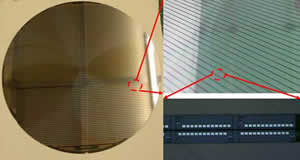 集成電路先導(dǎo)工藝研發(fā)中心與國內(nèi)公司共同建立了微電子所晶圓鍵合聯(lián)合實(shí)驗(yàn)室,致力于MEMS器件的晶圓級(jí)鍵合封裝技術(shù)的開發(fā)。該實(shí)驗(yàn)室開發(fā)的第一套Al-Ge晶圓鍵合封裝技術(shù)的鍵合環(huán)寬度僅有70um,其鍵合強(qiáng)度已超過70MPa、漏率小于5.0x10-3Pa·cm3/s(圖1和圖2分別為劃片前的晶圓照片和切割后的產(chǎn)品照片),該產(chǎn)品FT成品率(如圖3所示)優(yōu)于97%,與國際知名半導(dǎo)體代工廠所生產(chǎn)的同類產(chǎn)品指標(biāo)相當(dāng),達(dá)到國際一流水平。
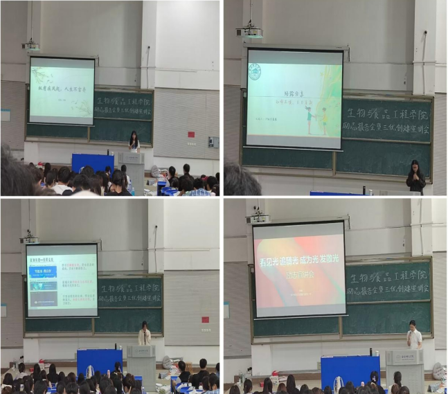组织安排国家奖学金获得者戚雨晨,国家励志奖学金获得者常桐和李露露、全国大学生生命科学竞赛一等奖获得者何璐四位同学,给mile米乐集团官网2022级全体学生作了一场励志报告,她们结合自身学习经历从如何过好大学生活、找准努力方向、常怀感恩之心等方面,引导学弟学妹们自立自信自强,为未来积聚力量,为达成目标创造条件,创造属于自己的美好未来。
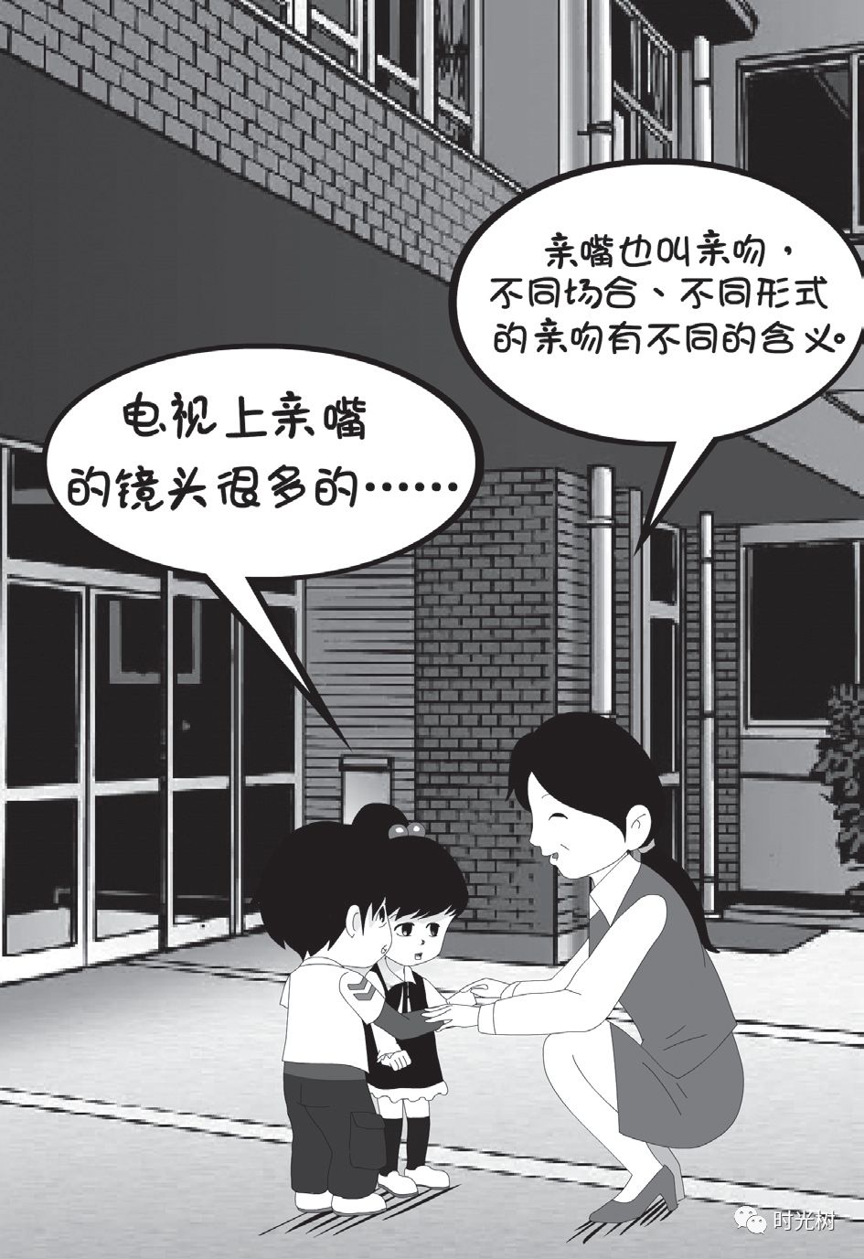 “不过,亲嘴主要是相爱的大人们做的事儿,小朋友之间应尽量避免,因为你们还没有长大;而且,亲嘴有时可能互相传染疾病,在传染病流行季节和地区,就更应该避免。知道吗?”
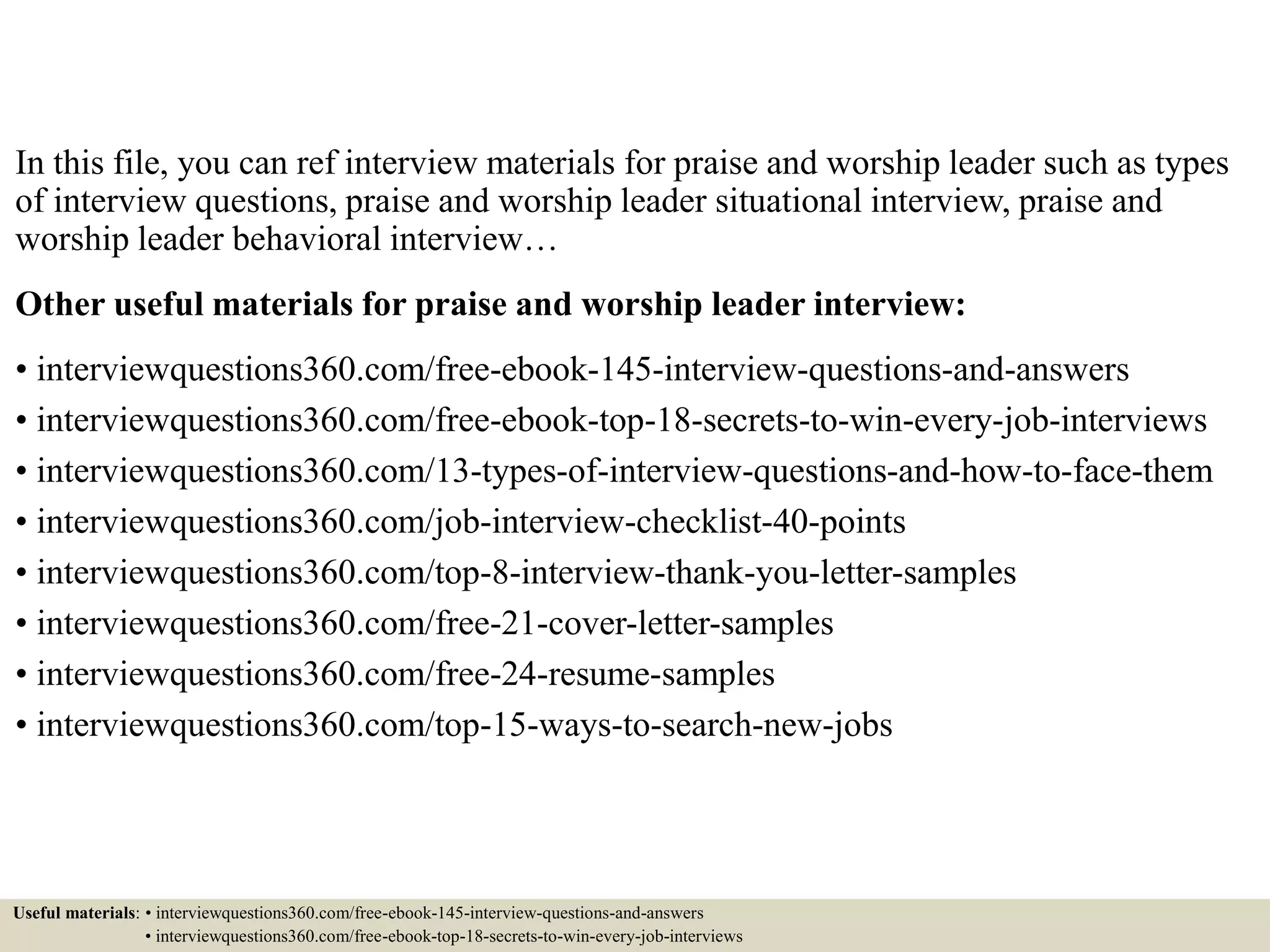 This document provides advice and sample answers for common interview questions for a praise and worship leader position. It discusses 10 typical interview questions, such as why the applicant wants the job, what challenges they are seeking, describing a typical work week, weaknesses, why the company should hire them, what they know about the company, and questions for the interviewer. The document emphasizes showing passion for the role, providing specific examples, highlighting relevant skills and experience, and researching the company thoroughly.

> **What you will do**:
Please write out all of the material above without changing a word, and omit any pictures.

> **Solution to the exercise**:
 集成電路先導(dǎo)工藝研發(fā)中心與國內(nèi)公司共同建立了微電子所晶圓鍵合聯(lián)合實(shí)驗(yàn)室,致力于MEMS器件的晶圓級(jí)鍵合封裝技術(shù)的開發(fā)。該實(shí)驗(yàn)室開發(fā)的第一套Al-Ge晶圓鍵合封裝技術(shù)的鍵合環(huán)寬度僅有70um,其鍵合強(qiáng)度已超過70MPa、漏率小于5.0x10-3Pa·cm3/s(圖1和圖2分別為劃片前的晶圓照片和切割后的產(chǎn)品照片),該產(chǎn)品FT成品率(如圖3所示)優(yōu)于97%,與國際知名半導(dǎo)體代工廠所生產(chǎn)的同類產(chǎn)品指標(biāo)相當(dāng),達(dá)到國際一流水平。
组织安排国家奖学金获得者戚雨晨,国家励志奖学金获得者常桐和李露露、全国大学生生命科学竞赛一等奖获得者何璐四位同学,给mile米乐集团官网2022级全体学生作了一场励志报告,她们结合自身学习经历从如何过好大学生活、找准努力方向、常怀感恩之心等方面,引导学弟学妹们自立自信自强,为未来积聚力量,为达成目标创造条件,创造属于自己的美好未来。
 “不过,亲嘴主要是相爱的大人们做的事儿,小朋友之间应尽量避免,因为你们还没有长大;而且,亲嘴有时可能互相传染疾病,在传染病流行季节和地区,就更应该避免。知道吗?”
 This document provides advice and sample answers for common interview questions for a praise and worship leader position. It discusses 10 typical interview questions, such as why the applicant wants the job, what challenges they are seeking, describing a typical work week, weaknesses, why the company should hire them, what they know about the company, and questions for the interviewer. The document emphasizes showing passion for the role, providing specific examples, highlighting relevant skills and experience, and researching the company thoroughly.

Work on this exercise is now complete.